I learned a lot about the operational Air Force, the joint training environment, and conducting PA operations overseas. I also learned a lot of practical things, like "when buying oranges, you must weigh them and print out a price sticker," "don't take pictures of the monkey heads at the market or you might get mugged" and "it's probably not a good idea to eat the local cuisine the night before a six-hour flight."

But the biggest lessons I learned were cultural.

Sometimes in the evening, as the sun was setting over the African plains, a handful of us would go running.

We forged our way down riveted, dusty trails, dodging donkey-drawn carts and weaving through rows and rows of maize.
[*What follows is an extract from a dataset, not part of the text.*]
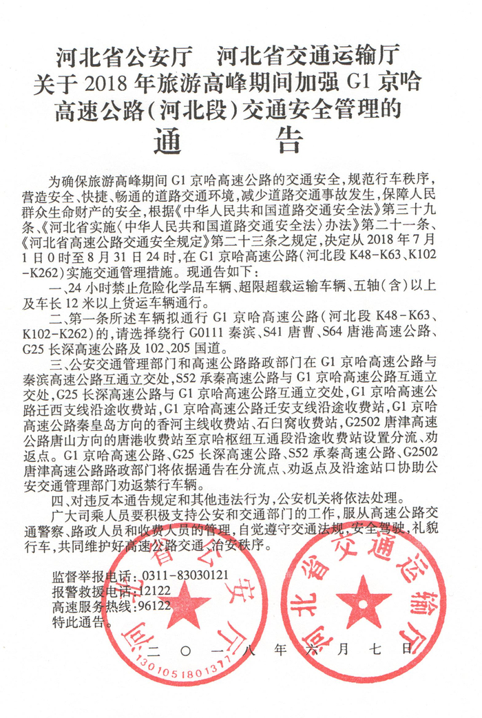 6月13日,澎湃新闻(www.thepaper.cn)记者从河北省公安厅高速交警总队获悉,为确保旅游高峰期间G1京哈高速公路的交通安全,规范行车秩序,营造安全、快捷、畅通的道路交通环境,减少道路交通事故发生,保障人民群众生命财产的安全,根据《中华人民共和国道路交通安全法》第三十九条、《河北省实施<中华人民共和国道路交通安全法>办法》第二十一条、《河北省高速公路交通安全规定》第二十三条之规定,决定从2018年7月1日0时至8月31日24时,在G1京哈高速公路(河北段K48-K63、K102-K262)实施交通管理措施。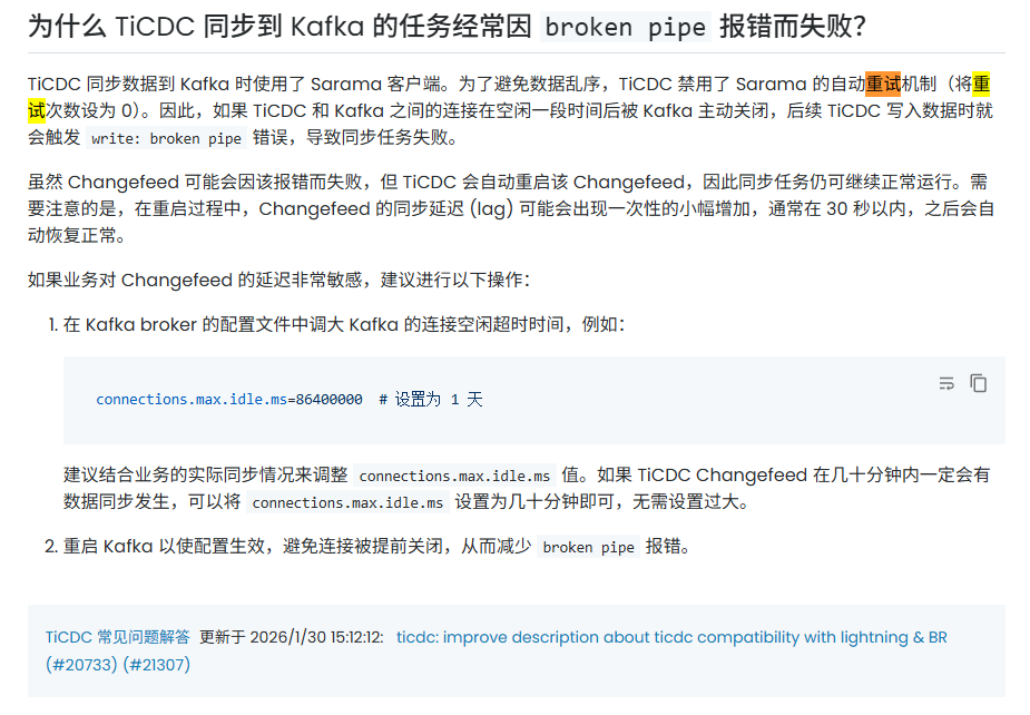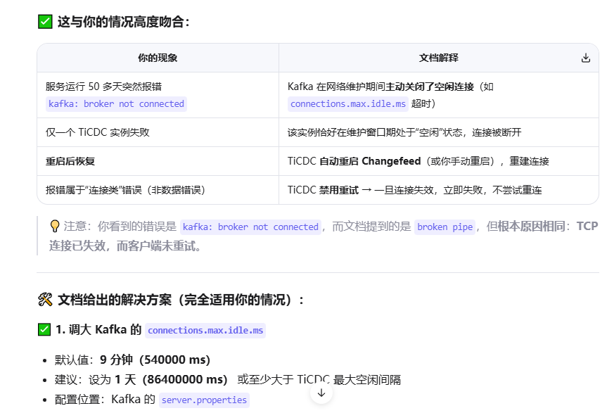 connections.max.idle.ms=86400000💡 建议值:86400000 = 24 小时,远大于 TiCDC 最大空闲间隔。

We ran through villages, and people came out of their mud-brick huts to wave at the crazy Americans jogging by. The children waved, then jumped in the pack behind us and ran along to the edge of town. We took advantage of the opportunity to practice our skill speaking the local dialect, Bambara.

A typical conversation went something like this:
Us (in Bambara): Hello!
Them: Hello, thank you!
Us: How are you?
Them: All is well. How are you?
Us: All is well. How is your family?
Them: All is well (followed by an incoherent series of phrases)
Us (shaking heads, looking confused): Only a little Bambara . . .
Them: Giggle, giggle, giggle

But even when we exhausted our Bambara and French we found we could still communicate on a deeper level.

As Capt. Paul Alexander, an 8th Special Operations Squadron pilot, observed, it doesn't take words to forge a relationship.

"Children are boundless," he said. "They don't care if you speak their language or what color you are."

In Mali, there is a universal language: a smile, a handshake, a high-five, a sheepish look when you confuse the word for "hello" with the word for "thank you."

They are some of the friendliest, most hospitable people I've ever met. And the great irony is they have next to nothing.

Mali is one of the most impoverished nations in the world. They live without what are, by American standards, "basic necessities." They have no sanitation, no electricity, no running water. Many don't have vehicles. Many are unemployed. Many don't have roofs over their heads.

So I learned to be thankful.

But yet, as Americans are complaining about long lines at Wal-Mart, overcooked steaks, broken air conditioning and slow internet connections, the Malians are unequivocally, uncompromisingly happy.

My most powerful lesson . . . we could learn a lot from these people.

"I wish all U.S. kids could come here and see all the things we take for granted," Captain Alexander said. "They would come home with a much better appreciation."

I certainly have.

Oh, and in case you were wondering, I did use the bug spray, Lysol, hand sanitizer and extra toilet paper.